** Information provided follows **

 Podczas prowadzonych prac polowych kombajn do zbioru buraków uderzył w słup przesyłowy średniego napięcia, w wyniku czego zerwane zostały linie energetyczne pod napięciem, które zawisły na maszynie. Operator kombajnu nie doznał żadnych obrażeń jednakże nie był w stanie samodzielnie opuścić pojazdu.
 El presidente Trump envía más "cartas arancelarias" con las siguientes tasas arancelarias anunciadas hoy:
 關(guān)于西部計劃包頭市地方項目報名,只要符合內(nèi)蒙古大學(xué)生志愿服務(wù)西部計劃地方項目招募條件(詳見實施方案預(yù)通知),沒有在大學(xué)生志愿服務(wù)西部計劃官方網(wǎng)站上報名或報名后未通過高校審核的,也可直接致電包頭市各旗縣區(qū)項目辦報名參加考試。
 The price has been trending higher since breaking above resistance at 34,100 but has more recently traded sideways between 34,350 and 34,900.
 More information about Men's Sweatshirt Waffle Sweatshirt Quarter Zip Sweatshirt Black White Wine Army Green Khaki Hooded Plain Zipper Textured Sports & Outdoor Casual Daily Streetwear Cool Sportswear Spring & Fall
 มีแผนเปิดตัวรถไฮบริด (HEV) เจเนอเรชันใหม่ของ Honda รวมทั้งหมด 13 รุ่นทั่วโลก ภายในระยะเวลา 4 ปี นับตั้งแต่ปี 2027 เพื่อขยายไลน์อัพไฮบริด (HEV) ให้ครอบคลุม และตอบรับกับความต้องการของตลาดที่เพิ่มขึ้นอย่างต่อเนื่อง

** End of Information provided **

[Assigned task] Beginning at the first line of the data above, retype each line until you reach the line containing "El presidente Trump", and include that one too. Add nothing else.

[Solution to the problem]
 Podczas prowadzonych prac polowych kombajn do zbioru buraków uderzył w słup przesyłowy średniego napięcia, w wyniku czego zerwane zostały linie energetyczne pod napięciem, które zawisły na maszynie. Operator kombajnu nie doznał żadnych obrażeń jednakże nie był w stanie samodzielnie opuścić pojazdu.
 El presidente Trump envía más "cartas arancelarias" con las siguientes tasas arancelarias anunciadas hoy:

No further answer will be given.